When I entered the doctor's office I expected to see my doctor, however there was another doctor there. He introduced himself as a surgeon. I told him there must be a mistake. He told me he had seen all the tests and the scan.
He told me that he was 95% accurate that I have a bad case of colon cancer. May 23rd was my birthday. WHAT A PRESENT! I was scheduled for a colonoscopy the next day and for surgery on the following Monday, May 26th.
I wanted to postpone it for a week, so my wife could finish school and we could get through graduation. After all, we had parties to attend. He told me all that could go on, however, I was having surgery on Monday morning. He also informed me I should continue my liquid diet. I was on a liquid diet for 4 days and no food for 17 days.
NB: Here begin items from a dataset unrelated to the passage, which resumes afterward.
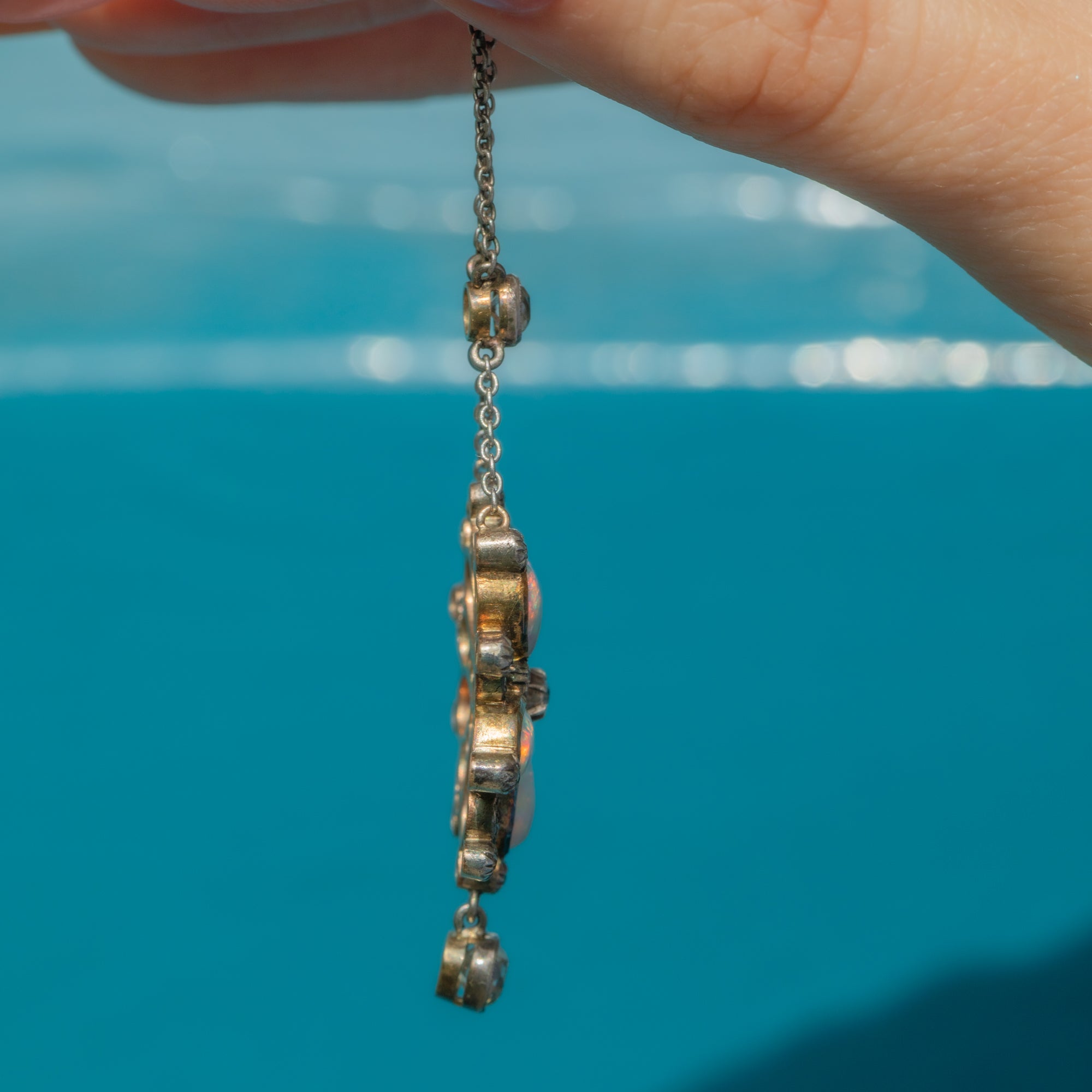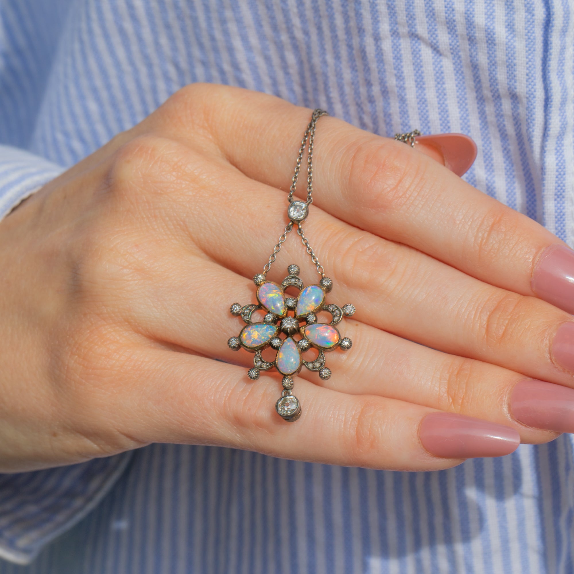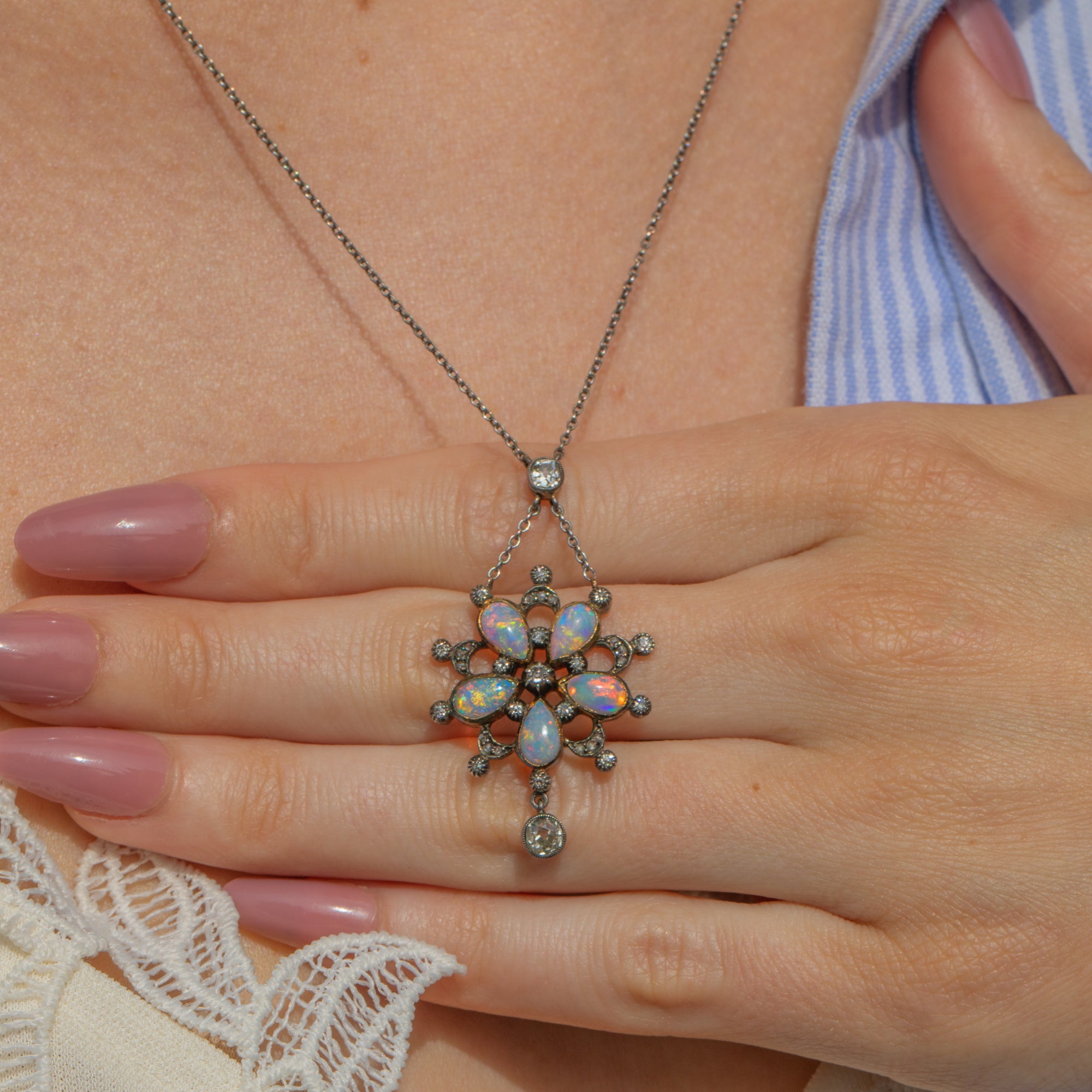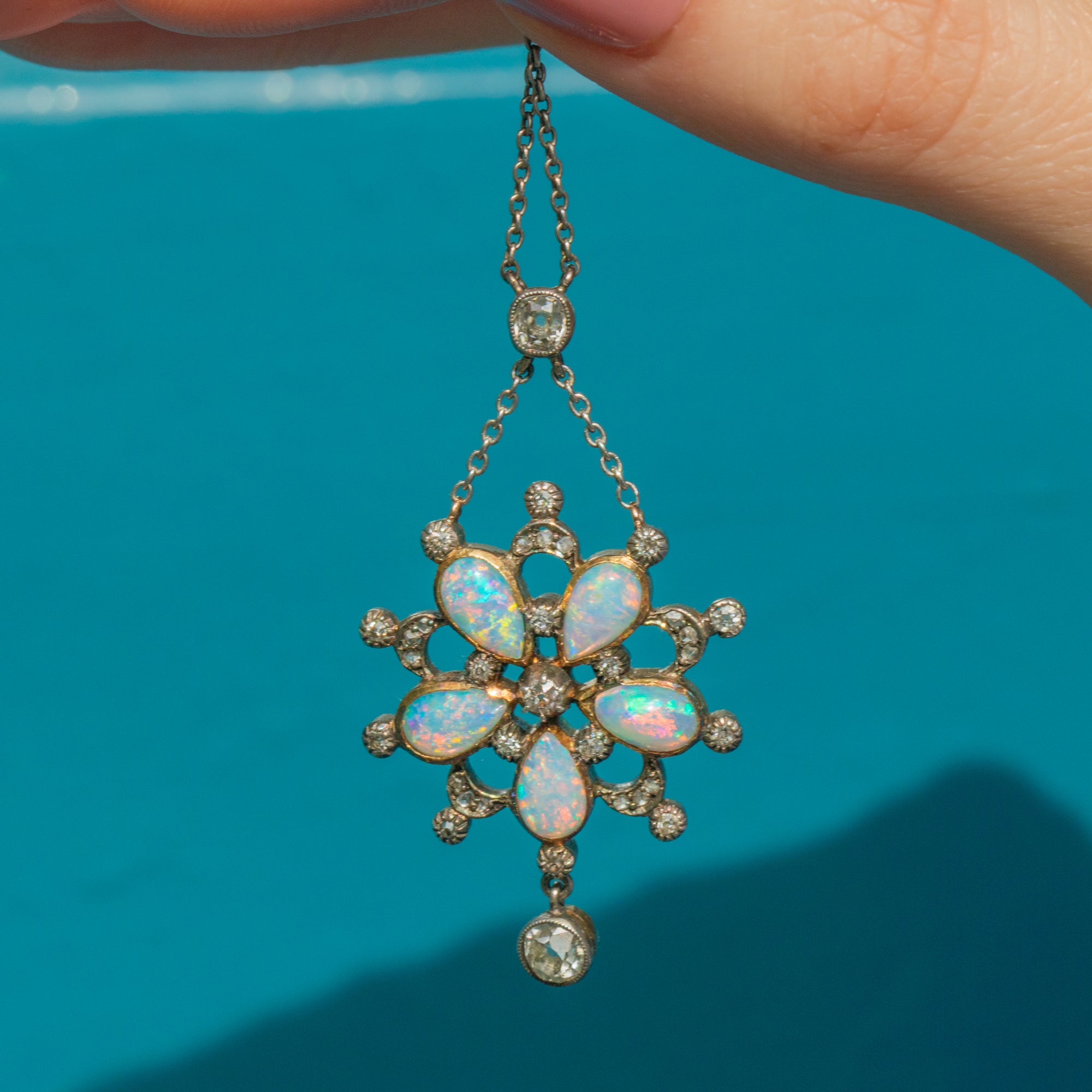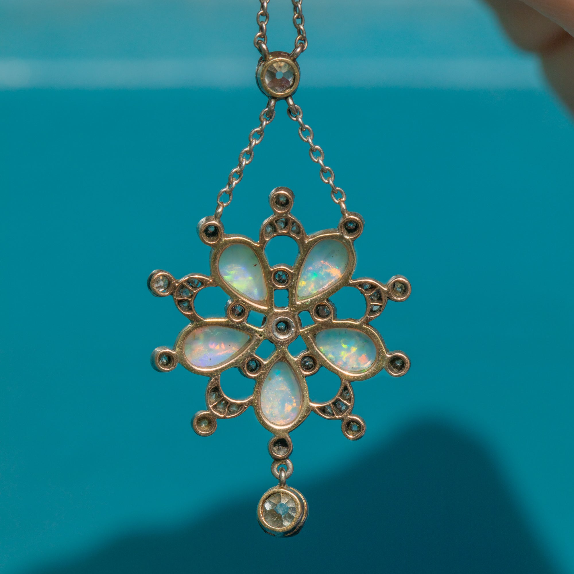 Edwardian Opal & Diamond Flower Drop Necklace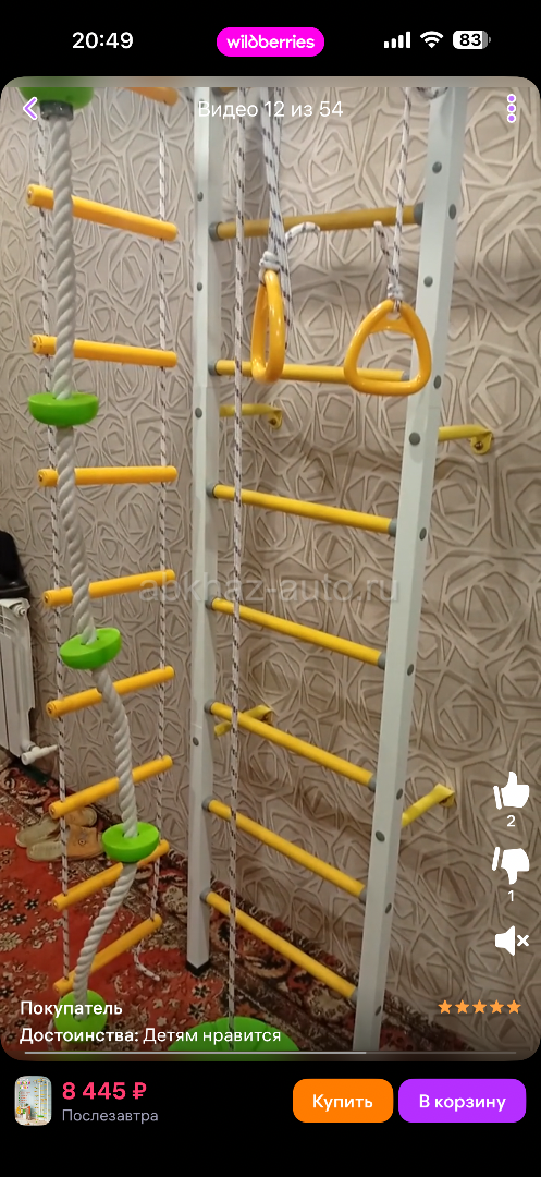 Дополнительная информация: Продается шведская стенка, выдерживает до 100кг, прилагается баскетбольное кольцо, груша) в идеальном состоянии) цена 9000₽ торг уместен Тел: 992-09-36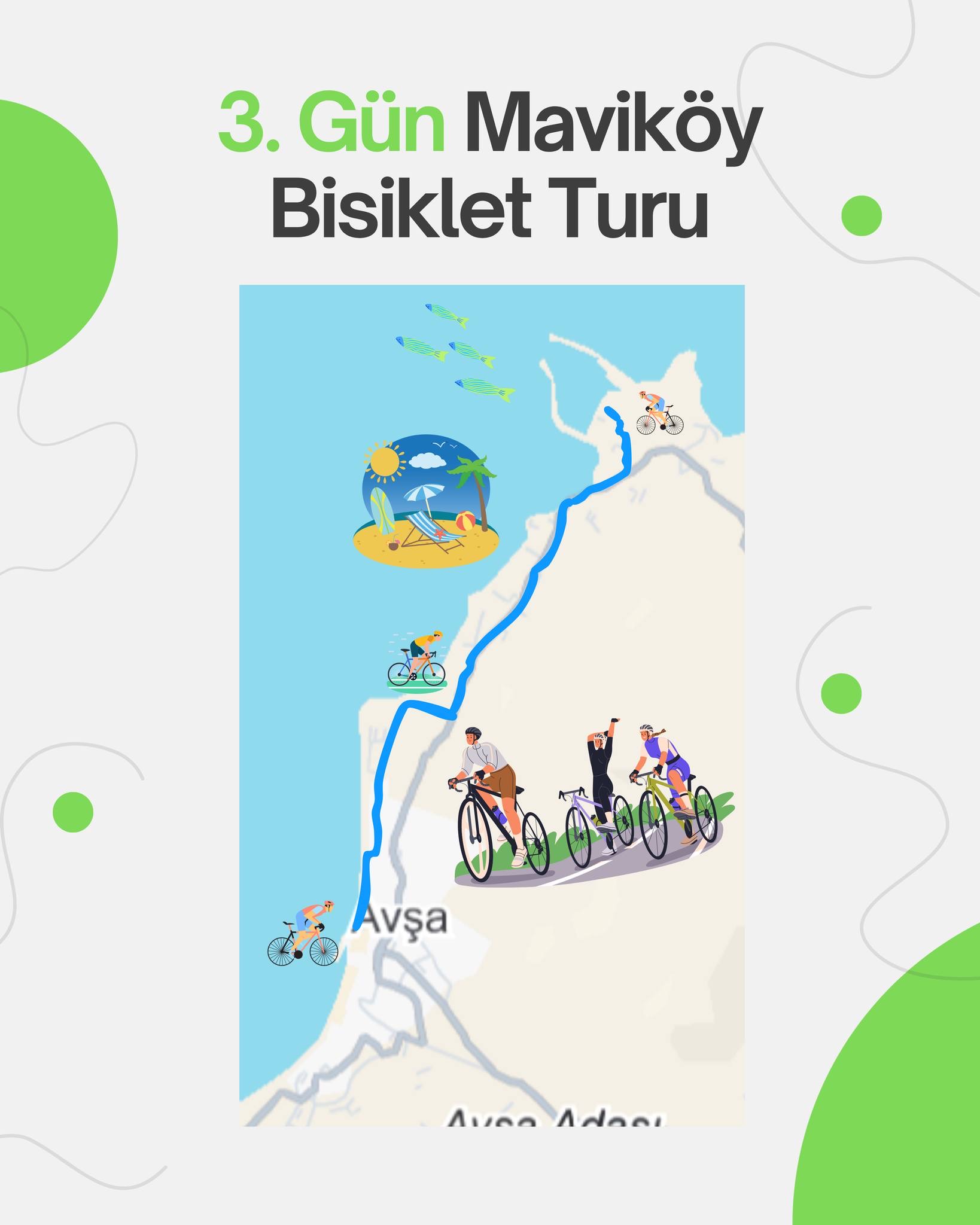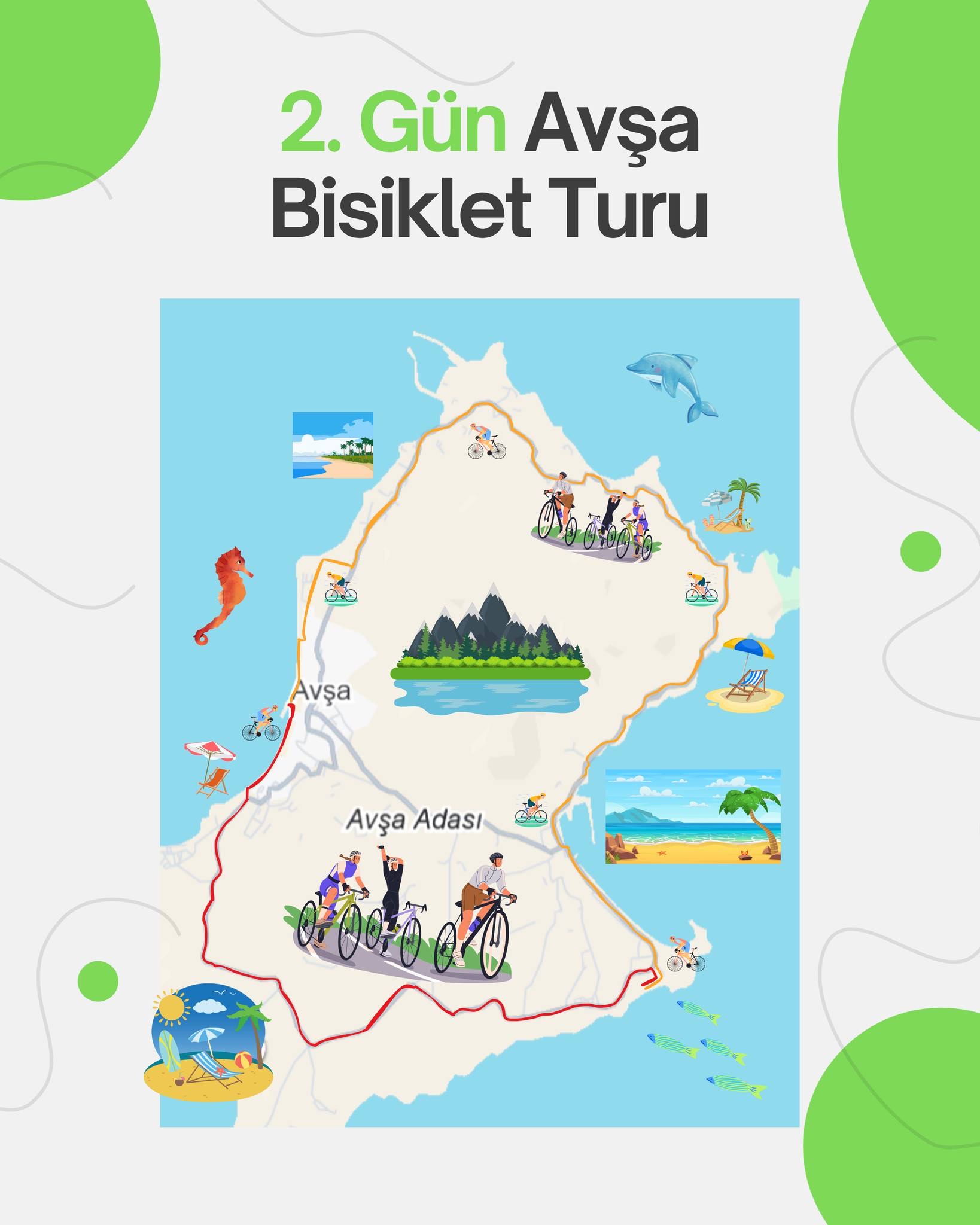 Avşa Bisiklet Festivali etkinliği kapsamında Avşa sahili ve Yiğitler sahili boyunca pedal çevirecek onlarca bisikletçi, ada halkına bisikletli ulaşımın önemini gösterecek. Tur, aynı zamanda spor, eğlence ve tatili bir araya getirerek Avşa’nın turizm potansiyeline katkı sağlamayı hedefliyor.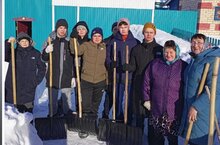 Обучающиеся 8,10 классов совместно с советником директора по воспитанию помогли матери участника СВО. Обучающиеся выкапывали снег вдоль забора.
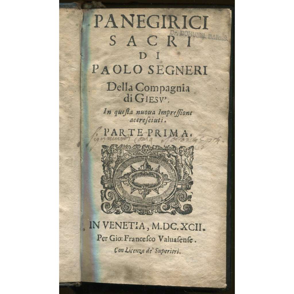 Panegirici sacri di Paolo Segneri, Dalla Compagnia di Giesu'. In questa nuova Impressione accresciuti. Parte prima [e] Parte seconda [náboženství, italsky, staré tisky, vazba kůže]]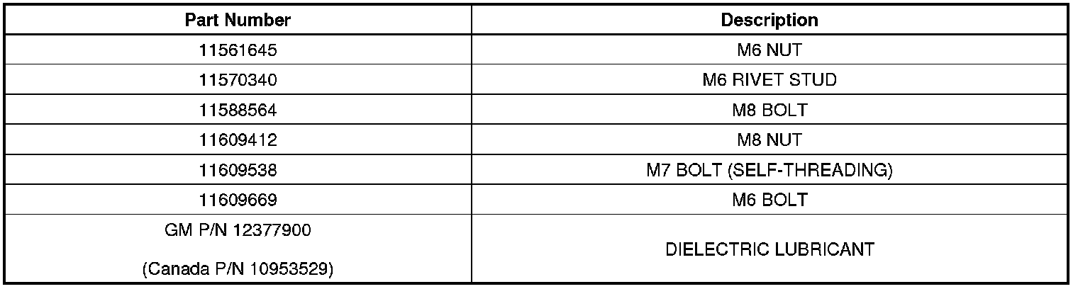 Use only the GM-approved replacement fasteners with conductive finish for electrical ground repair.

They removed one-half of my colon, two different sections of my small intestines, and a small portion of my stomach. After four weeks of recovery, I started a series of 25 radiation treatments followed by 18 chemotherapy treatments.
Over the next two years they found three moles, one was malignant. After three more years, I was given the all clear. I feel very fortunate to have had four doctors that I had complete faith in and still do.
My advice to anyone is do not fear tests that will let you know what a pain is. The tests aren't the worst things you may experience, but the unknown may be much worse than the tests.
I really appreciate my family and friends for the support and prayers during this trying time in my life. I greatly appreciate my wife for putting up with me. I know sometimes I was not the most pleasant person to be around.